Sepanjang sore itu, Mama dan Sela bergantian menjaga Anita. Mereka berbicara tentang kenangan masa kecil Aidan dan Doni, dan tentang kebaikan Anita yang selalu membantu mereka.
"Kamu tahu, Nita," kata Mama, sambil memijat pelan kaki Anita. "Mama tahu kamu kuat. Mama tahu kamu masih terpukul karena orang tuamu. Mama akan bicara pada Aidan. Jangan khawatir soal toko."
Meskipun Mama hanya mengaitkan semua penderitaan Anita pada "grief" (duka), perhatian itu tetaplah tulus. Anita memejamkan mata, membiarkan kehangatan Mama menenangkan rasa sakitnya. Untuk pertama kalinya, ia merasa memiliki tempat berlindung yang nyata.
Saat senja tiba, Mama dan Sela bersiap untuk pergi setelah Mama menjanjikan akan datang lagi besok.
"Jaga Kak Nita baik-baik, Kak Aidan," perintah Sela dengan nada serius saat melewati ruang kerja Aidan.
Aidan hanya mengangguk, tetapi ia tahu ancaman itu nyata.
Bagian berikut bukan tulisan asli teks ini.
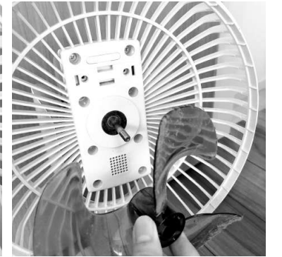
羽根を取りはずして
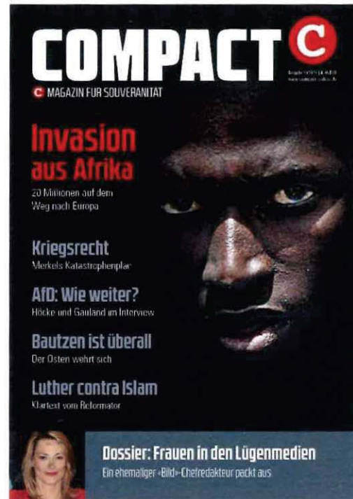
Abbildung 5 Cover COMPACT 10-2016

„Die Flüchtlingskrise von 2015 darf sich nicht wiederholen. Doch die Realität sieht anders aus: Der Asyl-Tsunami wiederholt sich gerade – und könnte in diesem Jahr sogar noch drastischer ausfallen.“
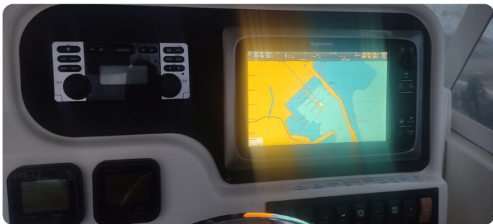
Edge Water 265 ex-14

Ia tidak hanya takut pada Mama, tetapi ia juga kini takut pada tatapan tajam adiknya sendiri.
Aidan berhasil mempertahankan rahasianya, tetapi ia kehilangan kendali total atas rumah dan istrinya. Dan yang lebih mengganggunya, ia tidak bisa menghentikan perasaan lega yang ia rasakan saat tahu Anita dirawat oleh tangan yang benar-benar peduli.